Penile washing directly after sex increased the risk of acquiring HIV: circumcision effective for men in high prevalence populations no protective effect in gay men

Simon Collins, HIV i-Base

Several studies adding to the already important data showing the effectiveness of male circumcision on a population level in areas of high HIV prevalence. The oral session on this subject is available online, and slides are available to download. [1]

Effectiveness, and cost effectiveness is recognised [2, 3], and sessions also focused on how to safely integrate this with other prevention programmes. [4]

Useful data on other aspects of transmission were also detailed at IAS.

Firstly, analysis of an Australian cohorts of gay men did not show circumcision to have a protective or negative impact on risk of HIV tranmission. [5]

This is probably related to the limited numbers of participants who are exclusively active or passive.

A second important study, presented by Frederick Makumbi from Makerere University, Kampala, and colleagues, produced evidence from a sub-study of the Rakai circumcision study, that men who washed their penis immediately after sex (within three minutes) were at significantly higher risk of catching HIV compared to men who didn’t wash, or who delayed washing by at least ten minutes.

This information challenges common sense, and believed sense, and common practice.

2552 HIV-negative uncircumcised men enrolled in the control arm of a male circumcision study were also interviewed about post-coital penile hygiene (washing the penis after sex, use of a dry cloth or washing or both) and the time from intercourse to cleansing after sex.

In almost 4400 follow-up intervals during which men reported being sexually active, men reported post-coital cleansing with all partners in over 80% of occassions. Although HIV incidence among men reporting cleansing with all partners (1.69/100py) compared to those never cleansing (1.22/100py) was higher, this was not statistically significant (adj.RR=1.20; 95%CI: 0.42-3.38). However, among those reporting post-coital cleansing with all partners, 49.2% cleaned within 3 minutes. HIV incidence was significantly higher among those reporting cleansing within 3 minutes (2.32/100 py), compared to those reporting a delay of more than 10 minutes (0.39/100py, adj.RR= 0.13; 95%CI: 0.03 0.54).

HIV incidence was also higher among those reporting washing-alone (2.20/100 py), than those reporting use of a cloth and washing (1.04/100 py) and those using a cloth-alone (0.55/100 py, c2 for trend p=0.0442).

A trend to increased risk with borderline significance was shown with ‘increased wetness’ of washing.

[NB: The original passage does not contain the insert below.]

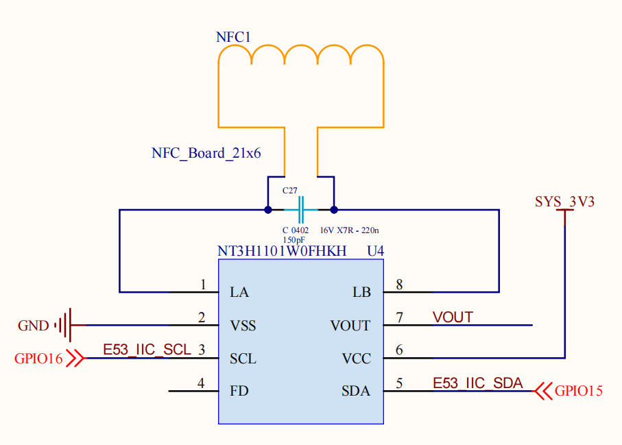 如下图所示,NFC芯片使用的是I2C协议,I2C_SCL与GPIO_15相连接,I2C_SDA与GPIO_16相连接,所以需要编写软件使用GPIO_16和GPIO_15产生I2C信号去控制NFC芯片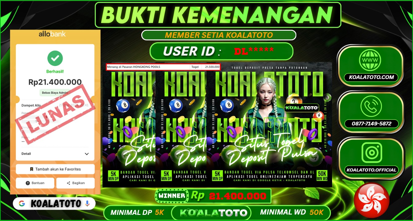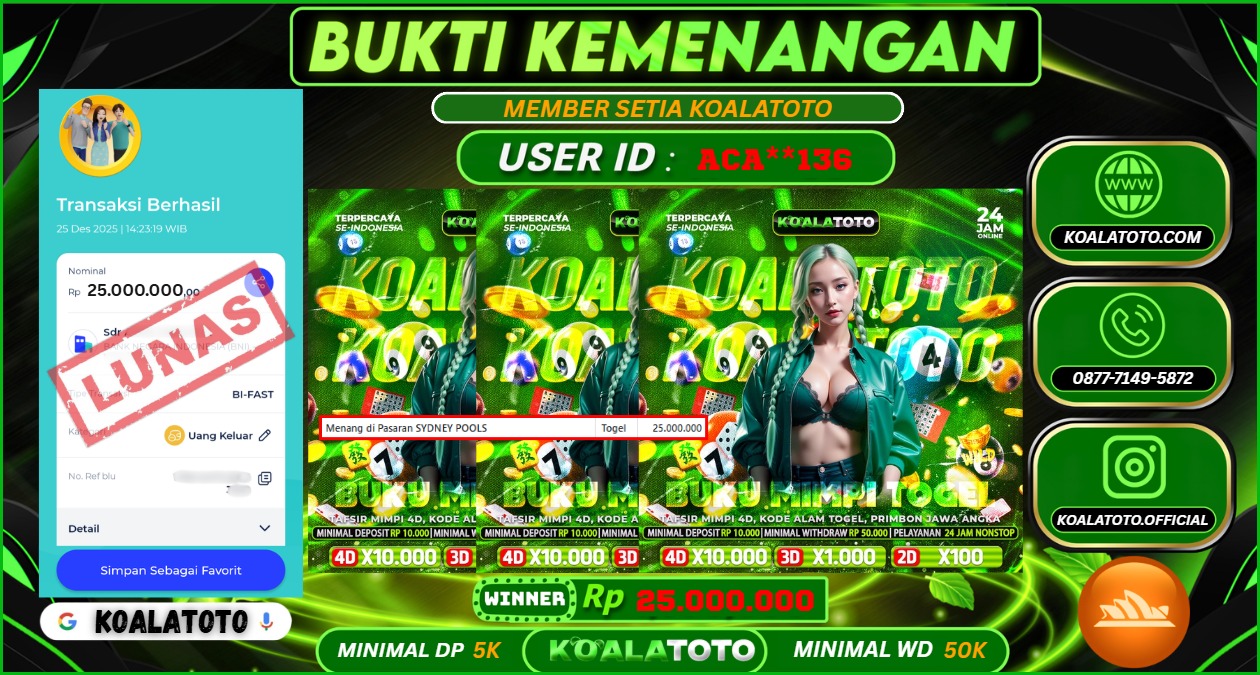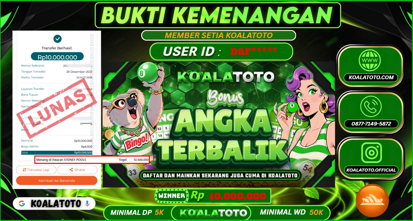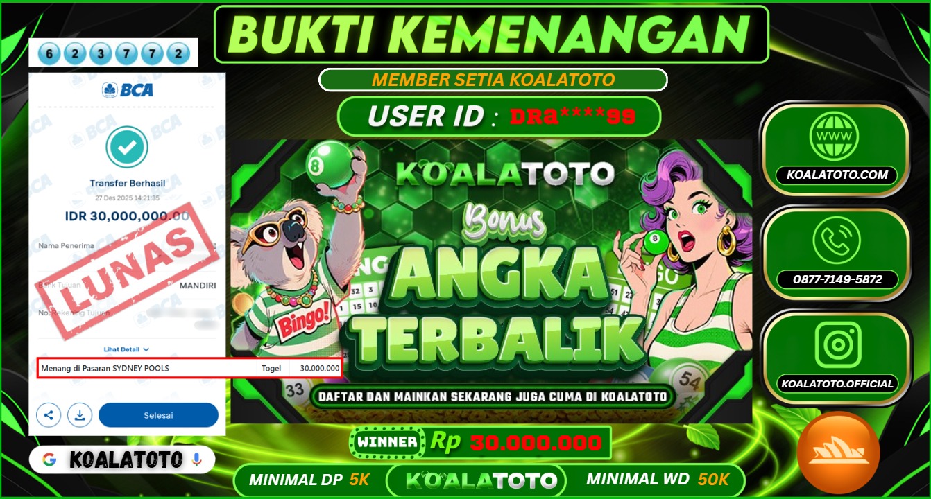 Selamat kepada USER ID : ALH**** || Telah berhasil mendapatkan kemenangan pada Pasaran TOGEL SYDNEY POOLS Pihak KOALATOTO Mengucapkan Terima Kasih Kepada Pemenang karena Sudah Mempercayakan KOALATOTO sebagai Platform Situs Bandar Togel Online dan Slot Online Terpercaya & Terbesar yang Membayar Kemenangan Member berapapun itu tanpa ribet sampai LUNAS !!! Setelah mengisi FORMULIR WITHDRAW pihak KOALATOTO membutuhkan waktu sekitar 1-3 MENIT Untuk memproseskan Kemenangan Kalian Kami menegaskan bahwa KOALATOTO bukanlah Bandar Kaleng-Kaleng. Kami meyakinkan bahwa semua kemenangan akan dibayarkan Bergabunglah dengan KOALATOTO sekarang dan dapatkan kesempatan memenangkan Jackpot besar hanya di KOALATOTO !!!

Four mechanisms were proposed to explain these findings:

i) that the acid pH of vaginal secretions may impair HIV survival ii) that the use of water with a neutral pH, may facilitate viral survival and possible infectivity, iii) that washing of any kind, or use of soap, may contribute to micro ulceration that facilitates infection, and iv) that delayed cleansing may reduce viral infectivity by prolonged exposure to acidic vaginal secretions.

While limitations include difficulties of self-report sexual practices and lack or detail (on use of soap, type of soap and washing etc), these finding deserve further study on both a clinical and epidemiological level.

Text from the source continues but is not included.